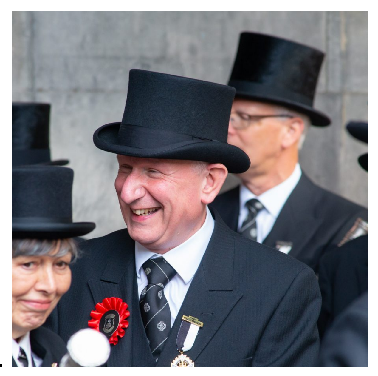
Riding of the Marches 2019.
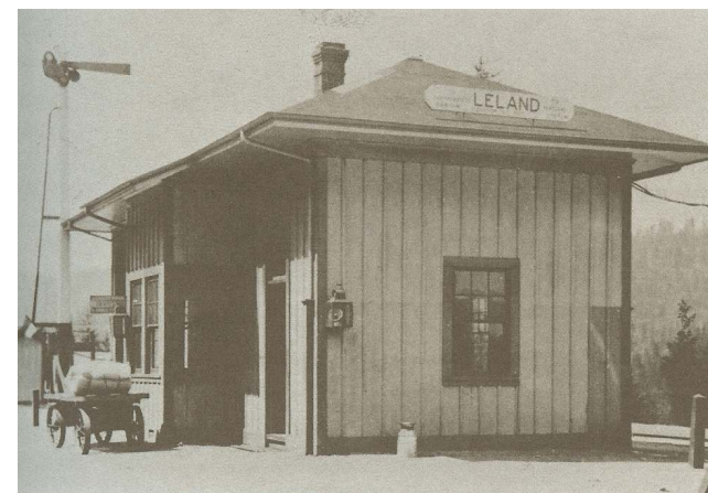
New Leland Station: January 27, 1910 Mile Post 494.1
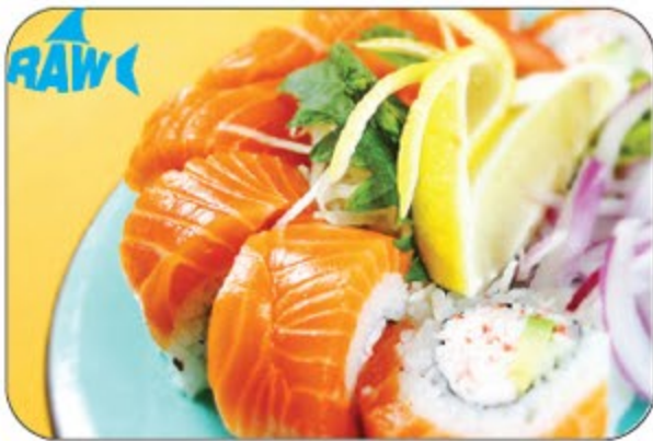
Washington Roll Fresh salmon wrapped around california roll. Two tasty treats rolled into one!
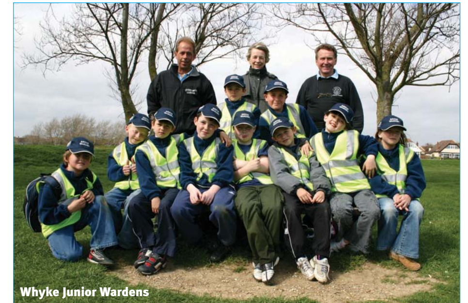
Whyke Junior Wardens
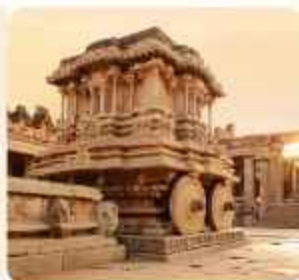
Cultural & Heritage
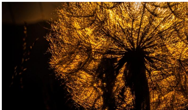
Oyster © 2012 Gail Snowden
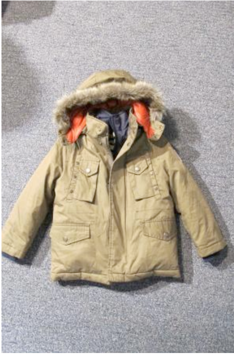
IKKS at Bubble autumn/winter 2011/12
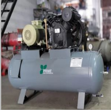
Two Stage Air Compressor
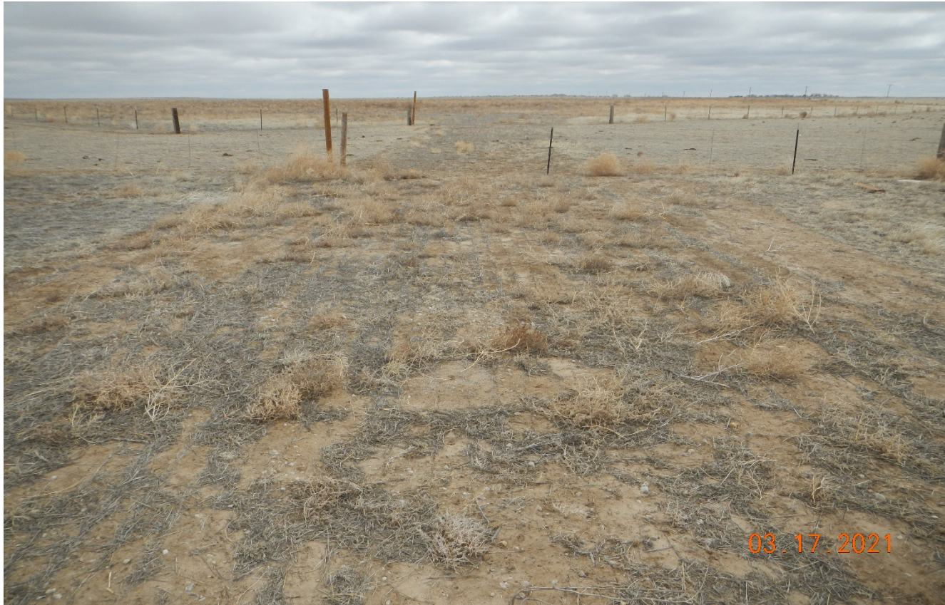
Photo 1. Facing east at the former access road. The fence will need to be reinstalled to the where it originally existed.
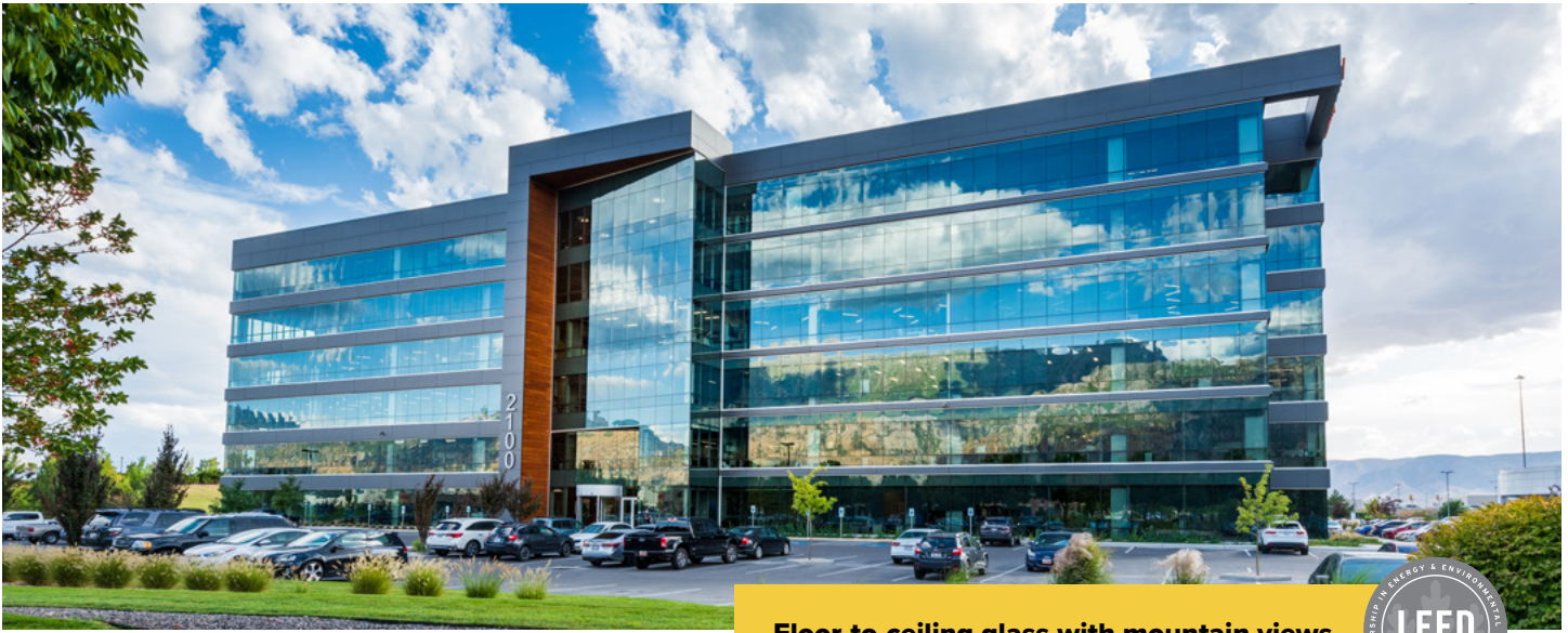
Floor-to-ceiling glass with mountain views

#### Goal of the exercise
Write out exactly the lines running from the one with "New Leland Station: January" through the end of the material, both ends included, while leaving the pictures out.

#### Exercise solution
New Leland Station: January 27, 1910 Mile Post 494.1
Washington Roll Fresh salmon wrapped around california roll. Two tasty treats rolled into one!
Whyke Junior Wardens
Cultural & Heritage
Oyster © 2012 Gail Snowden
IKKS at Bubble autumn/winter 2011/12
Two Stage Air Compressor
Photo 1. Facing east at the former access road. The fence will need to be reinstalled to the where it originally existed.
Floor-to-ceiling glass with mountain views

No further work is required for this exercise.